Within this complex scenario, a noteworthy case occurred in the Abruzzo region (central Italy), where the presence of the HPAI A(H5N1) virus was detected for the first time in a wild bird found within the region’s territory. The bird was a yellow-legged gull (Larus michahellis), discovered in a moribund state in late November 2024 in the town center of Ortona dei Marsi (AQ) (Figure 1), a medieval village nestled within the Abruzzo, Lazio and Molise National Park, specifically in the Marsica area—a historical-geographical region of inland Abruzzo.

The animal—a second-year male weighed approximately 850 grams and had a wingspan of around 140 cm was recovered thanks to the prompt intervention of local veterinary authorities (personal communication, Giulia Pace, Rewilding Apennines). (Figure 2 A and B). A necropsy was performed at the territorial diagnostic facility in Avezzano, part of the Istituto Zooprofilattico Sperimentale dell’Abruzzo e del Molise (IZS-Teramo), in accordance with the procedures established by the 2024 National Avian Influenza Surveillance Program.
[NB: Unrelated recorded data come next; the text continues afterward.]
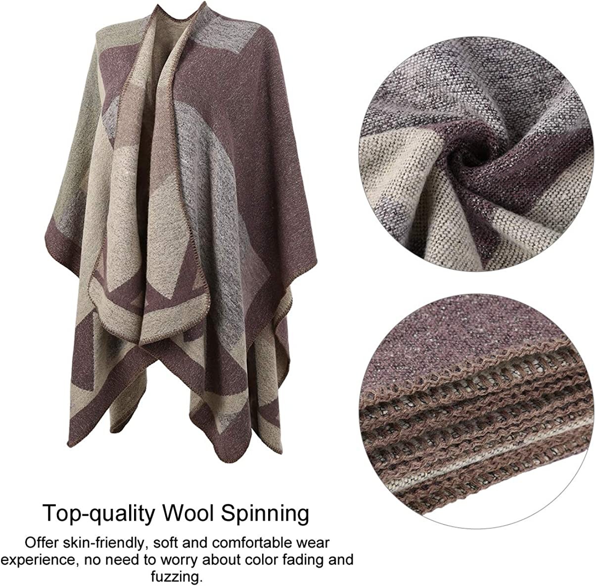 Imitation cashmere Superior Fabric - This Women Winter Shawl adopt top-quality wool spinning with soft and fine touch feel, capable to offer skin-friendly, comfortable and warm wear experience, no need to worry about color fading and fuzzing Exquisite Workmanship - Delicate knitting technology of this Women Warm Wraps Cape with flawless and solid sewing edge, enable to reduce unnecessary friction and offer maximum comfort for you Multiple Wearing Ways- This women winter ponchos pashmina is double sided. Both sides are in nice look. Buy one shawl you get value of two. Also, this Warm Lengthened and thickened shawl allow you to make it serve as scarf, shawl, wraps, pashmina, cardigan, coat and blanket equally, extremely meet your different wearing needs Generous Size - One plus size womens shawl fits all different stature. Length 63"/160cm; Width 53.1"/135cm. This oversized shawl wraps can hide your unperfect waist/hip/thigh to show your stylish look Must-have Scarf in winter - A excellent scarf for both indoor and outdoor occasions like shopping, dating, sleeping, party and fashion show, protect you against cold wind and keep you warm in chilly days. This Shawl is also best matched with clothes you would wear in cooler weather, like coat, sweaters, dress and suit. You can send it to your friend, colleague or family member as Thanksgiving, birthday or Christmas gift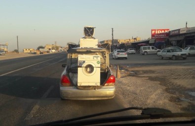 Şanlıurfa’da otomobil bagajında beyaz eşya taşıyan bir sürücü, tehlikeye davetiye çıkardı.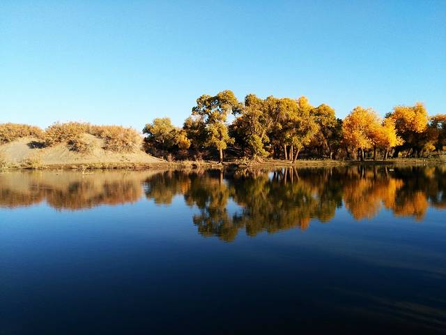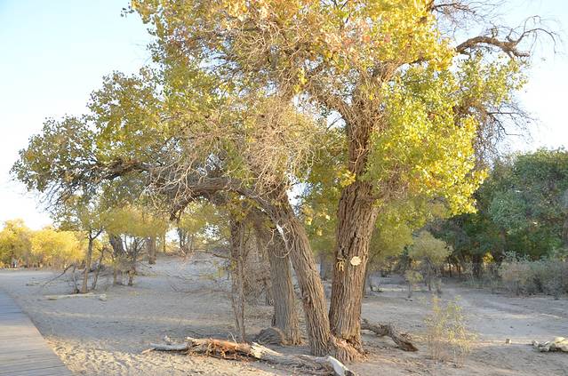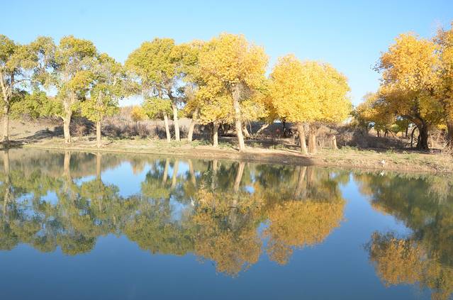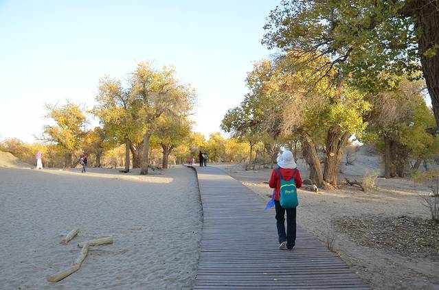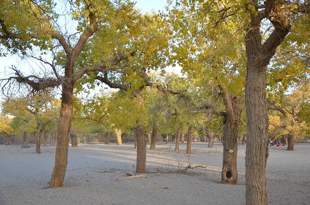 早晨5点起床,在旅馆吃了早餐,乘车到胡杨林景区门口6点多,进去景区门7点钟,天不亮。晚上7点出景区。门票220元。建议:先看二道区、三道桥、四道桥。二道桥步行到三道桥四道桥最好,不要坐游览车。中午12点到了四道桥,吃了自带午餐(三道桥中间平台有卖吃的),观光后坐游览车到八道桥观光,回来坐车到七道桥下车参观,然后再坐车到二道桥,从二道桥步行到一道桥路线是:经湖心岛--倒影林---怪树林、恋影林(景观林),由于路标字很小,很多人没有看到该景观,很遗憾。18点50分出来景区,一天的观光结束!到达来呼布镇吃了晚饭。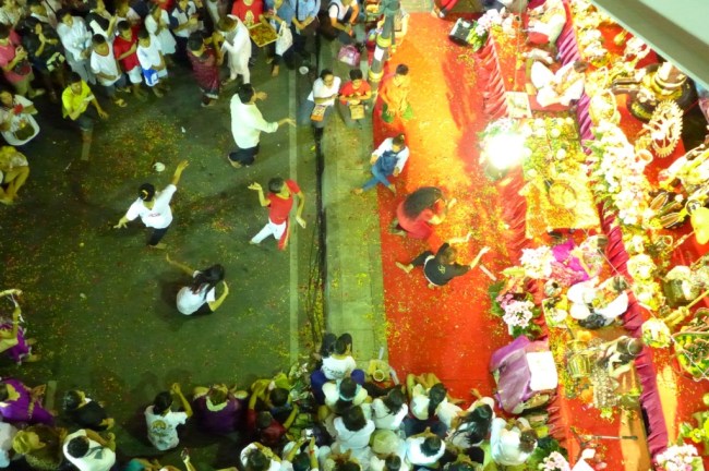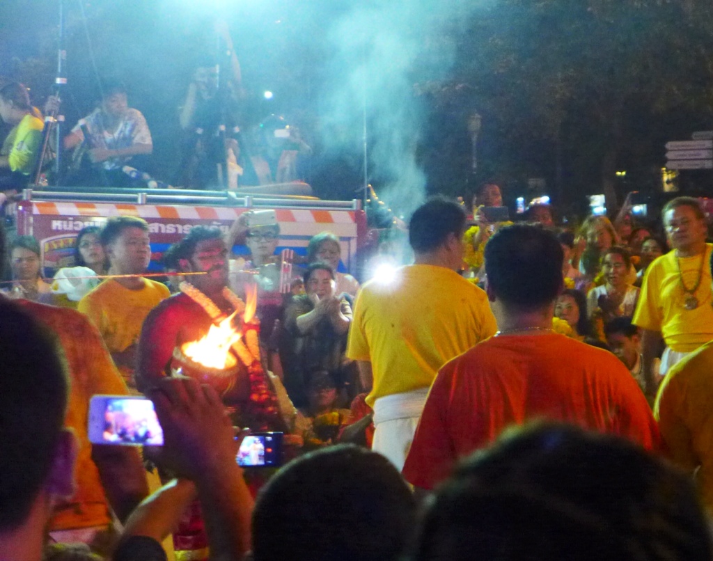 I had worked my way right up to the edge of the route and was preparing to dart across road when a guy with a 3 ft bamboo spear in his mouth and a bowl of fire came around the corner.
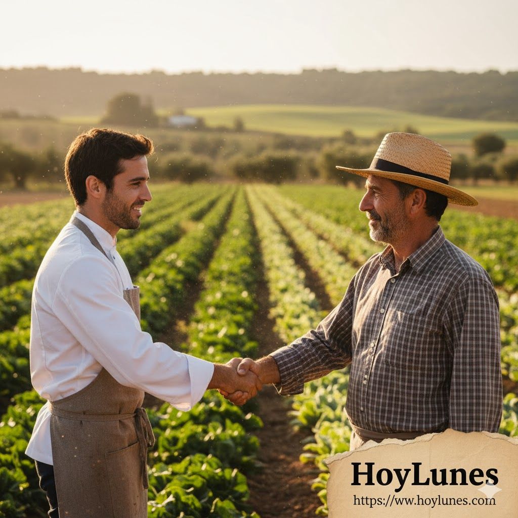 Un chef y un agricultor estrechando la mano frente a un huerto o explotaciones agrícolas.
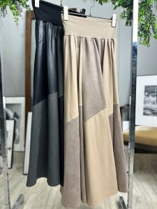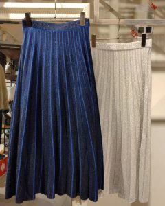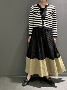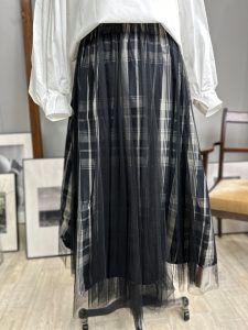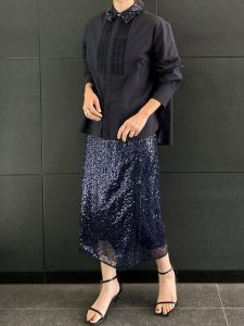 光沢のあるラメや透け感のあるシアー素材を組み合わせたスカートや、リバーシブルで両面楽しめるスカートなどデザイン豊富なものが増えています★トップスはシンプルに、スカートを主役にコーディネートしていただくとグッと新鮮に気分もウキウキします。
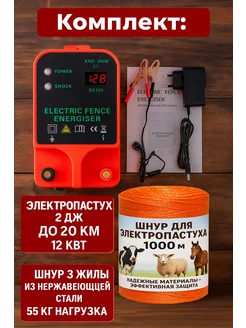 Электропастух проволока шнур (комплект), 12В-220в, 10-20км

Real-time RT-PCRfor/ targeting the M gene was carried out on samples from the brain, trachea, lungs, and intestine at the Virology Department of IZS Teramo, confirming the presence of the HPAI A(H5N1) virus. The samples were subsequently sent to the National and European Reference Laboratory (EURL AI/ND) at the IZSVe, where viral isolation, full genome sequencing, and phylogenetic analysis were performed. The virus was identified as belonging to clade 2.3.4.4b, genotype DI.2.

Figure 1.Map showing the location where the yellow-legged gull tested positive for HPAI H5N1 avian influenza virus in the municipality of Ortona dei Marsi (AQ), Abruzzo region.

Figure 2a.Yellow-legged gull positive for HPAI A(H5N1) avian influenza virus, ventral view.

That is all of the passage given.